[Extracted data entries]
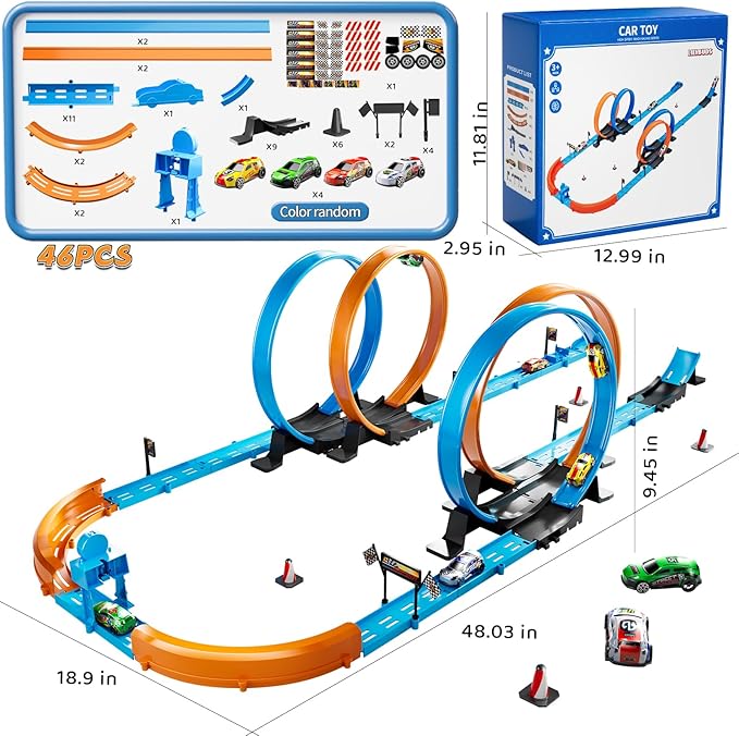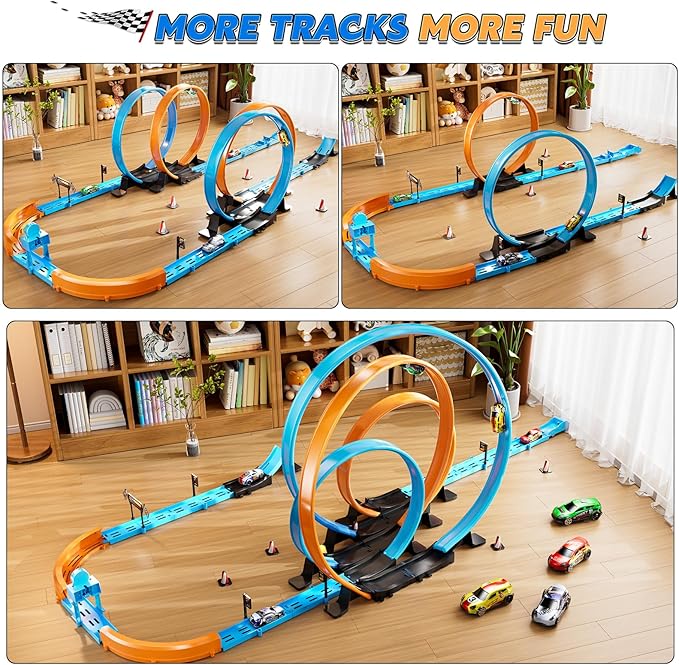 Toy Car Track Set for Boys Kids Age 3-5 4-7 8-12, Long Race Tracks with 4 Action Loops and 4 High-Speed Slot Cars, 35+ Pieces of Race Track to Create Multiple Configurations
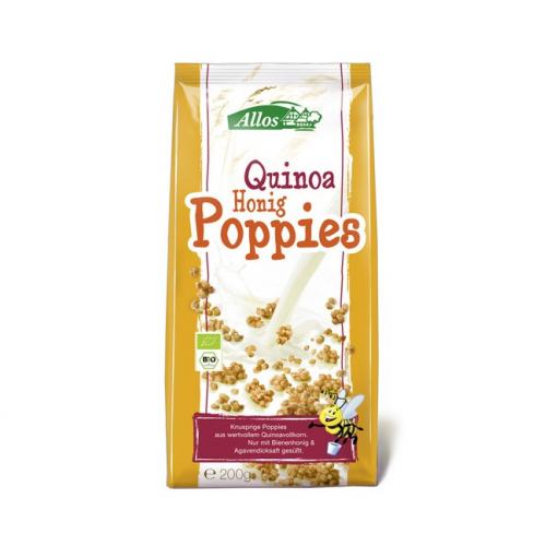 Allos 쿠이노아 허니 파피스 200g Allos Quinoa-Honig-Poppies bio 200g 퀴노아로 만든 달콤한 시리얼입니다. 우유에 말아 드세요. Besonders lecker kombinieren Sie die knusprigen Allos Quinoa-Honig-Poppies mit Joghurt, Milch, frischen Früchten oder Müsli. Oder knabbern Sie die Poppies einfach pur als Snack-Genuß für zwischendurch. Allos Quinoa Honig Poppies sind nur mit Honig und Agavendicksaft gesüßt.
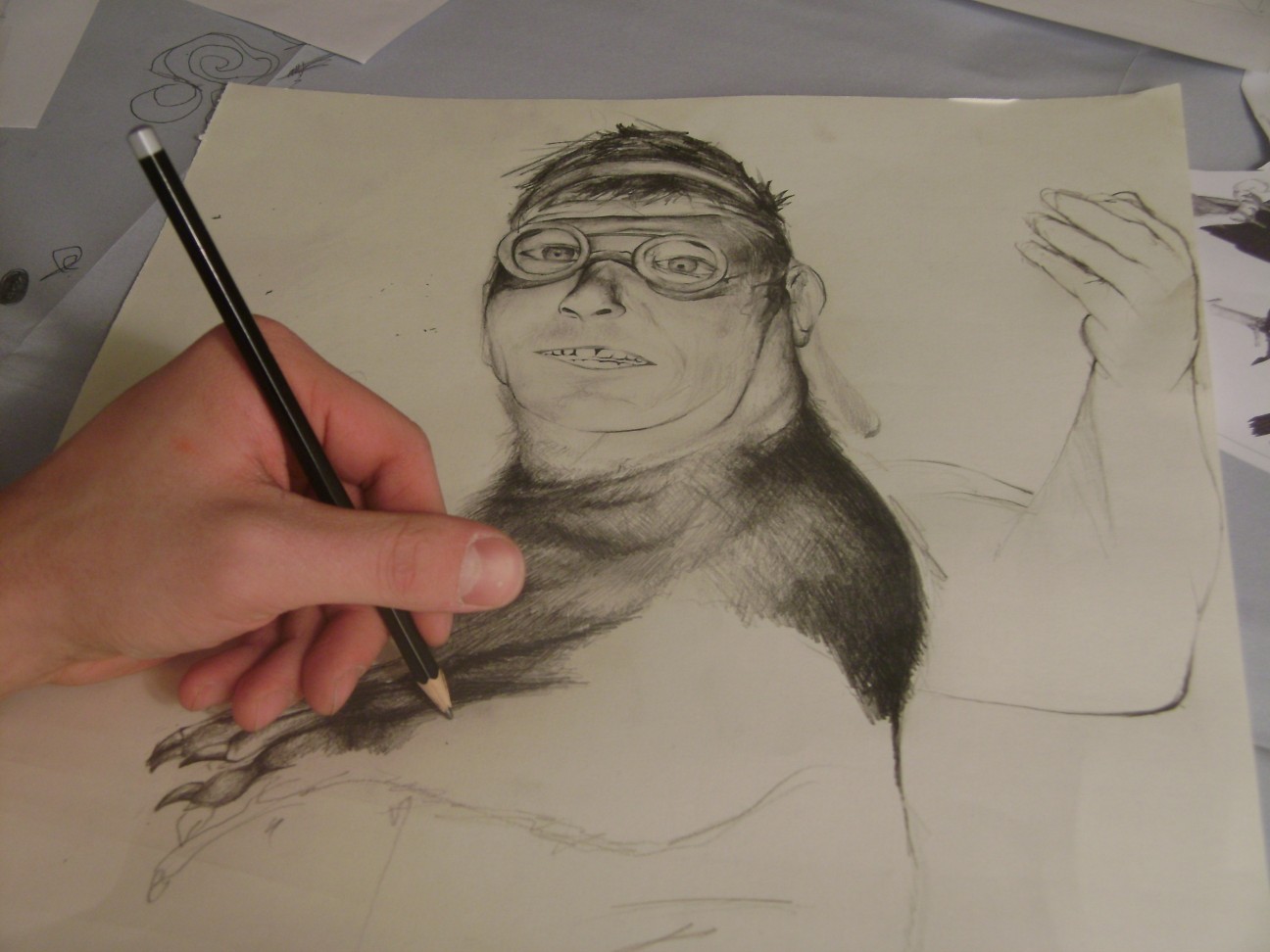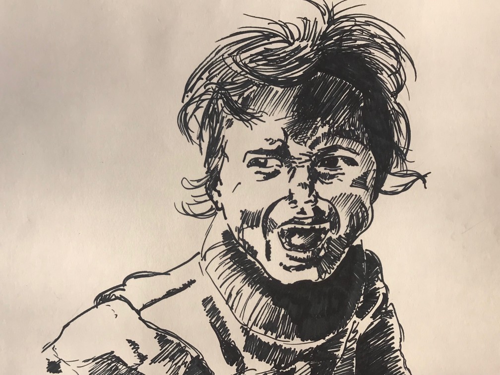 Portraitzeichnung auf Grau
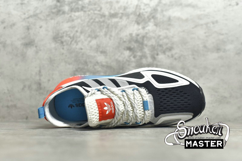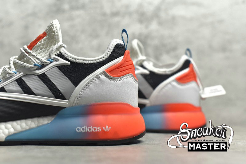 - ADIDAS ZX 2K BOOST SHOS CORE BLACK/CLOUD WHITE/ORANGE-BLUE FY2012
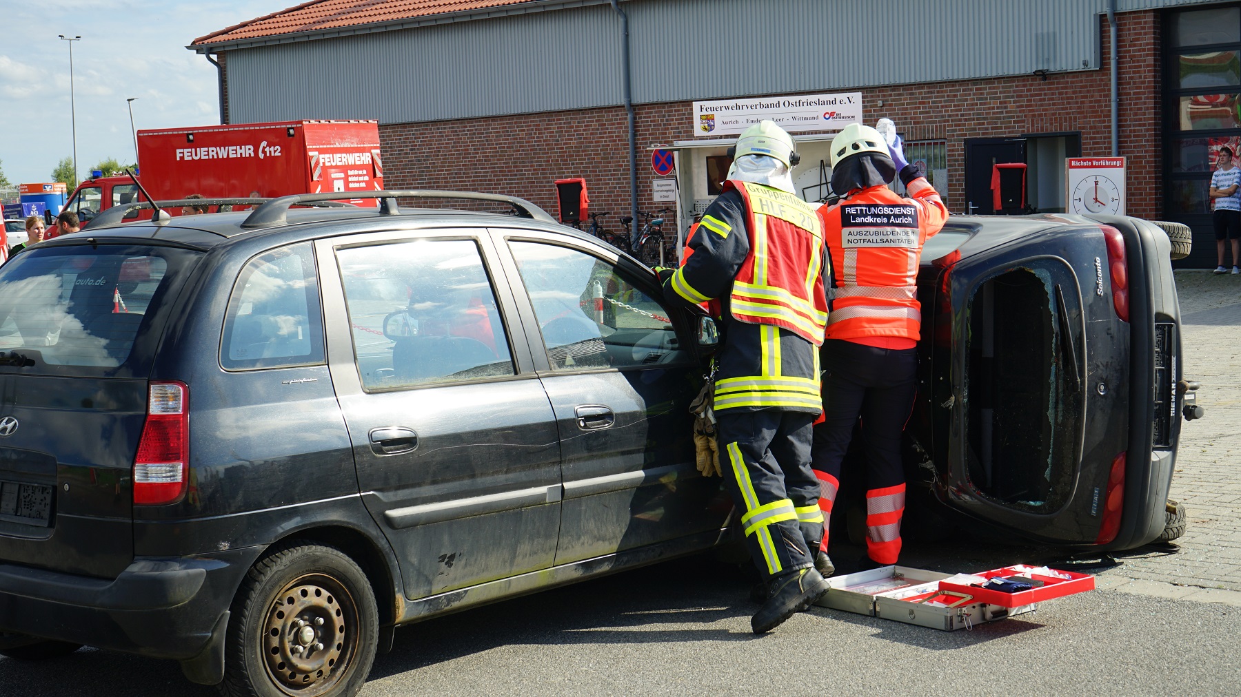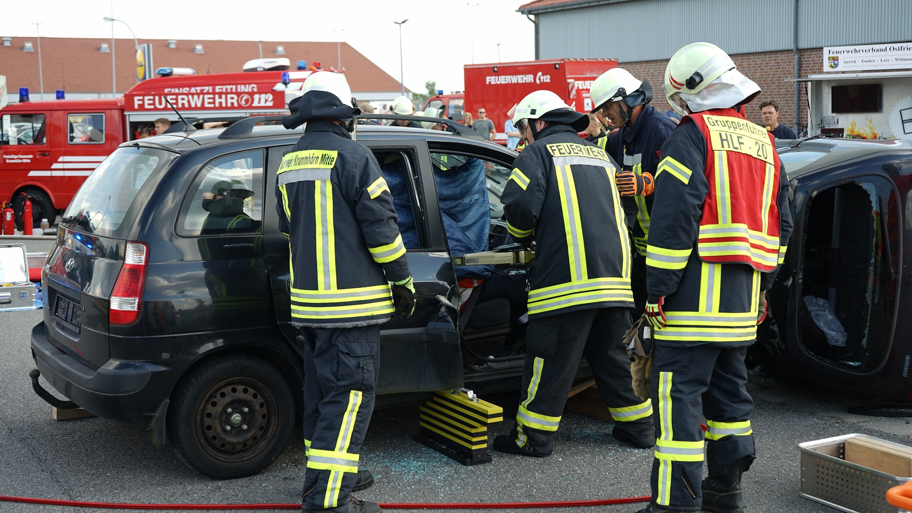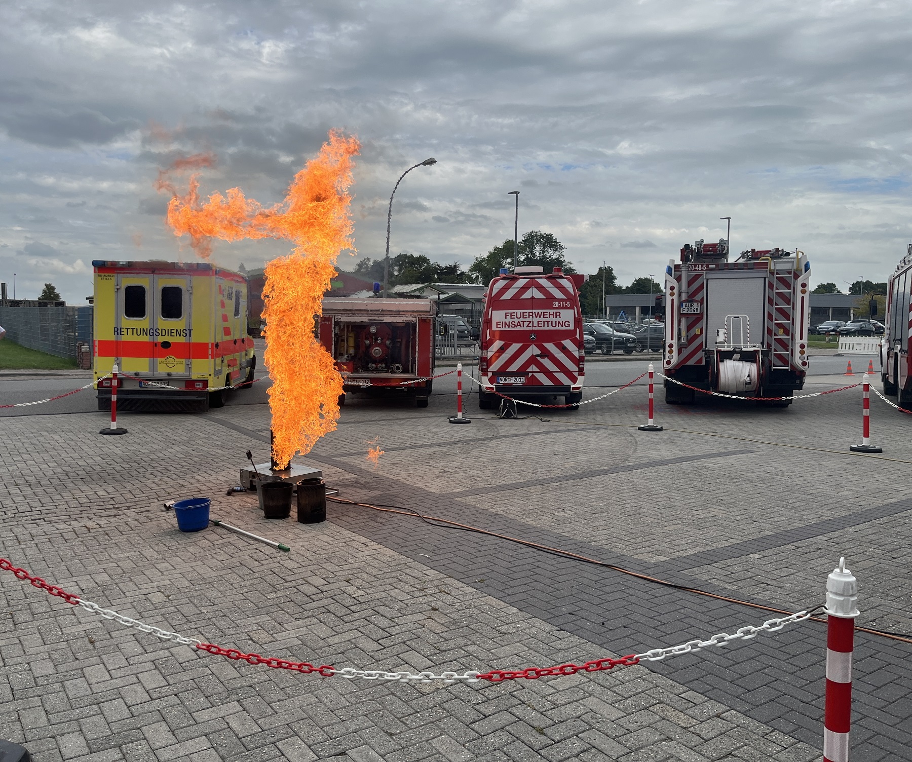 Zudem präsentierte die Feuerwehr in enger Zusammenarbeit mit dem Rettungsdienst des Landkreises Aurich die Abarbeitung verschiedenster Einsatzübungen. Außerdem sind Fettbrände oder der Zerknall von Sprühdosen vorgeführt worden.
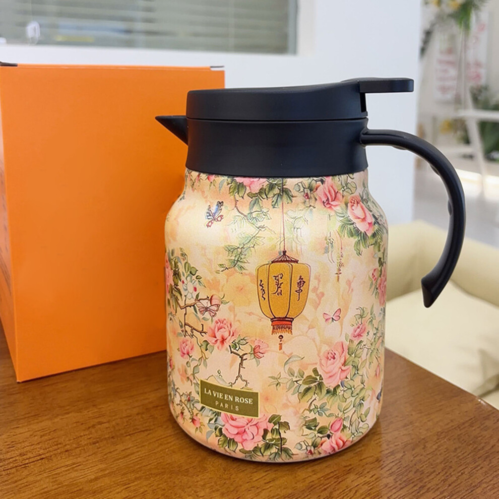 Stainless Steel Vacuum Jug Insulated Thermal Kettle Yellow For Home Use Leak-Proof Keeps Warm For Coffee Tea Beverage
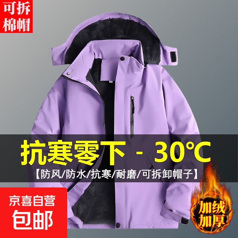 加绒加厚棉服男士秋冬季新款冲锋衣外套棉衣劳保棉袄工作服 A20冲锋衣【加绒加厚】紫色 L 约100-115斤可穿

Try it: Keep the pictures out of your answer, which should be the lines from the one with "Portraitzeichnung auf Grau" through the final line of the data, copied exactly.

Answer to this task:
 Portraitzeichnung auf Grau
 - ADIDAS ZX 2K BOOST SHOS CORE BLACK/CLOUD WHITE/ORANGE-BLUE FY2012
 Zudem präsentierte die Feuerwehr in enger Zusammenarbeit mit dem Rettungsdienst des Landkreises Aurich die Abarbeitung verschiedenster Einsatzübungen. Außerdem sind Fettbrände oder der Zerknall von Sprühdosen vorgeführt worden.
 Stainless Steel Vacuum Jug Insulated Thermal Kettle Yellow For Home Use Leak-Proof Keeps Warm For Coffee Tea Beverage
 加绒加厚棉服男士秋冬季新款冲锋衣外套棉衣劳保棉袄工作服 A20冲锋衣【加绒加厚】紫色 L 约100-115斤可穿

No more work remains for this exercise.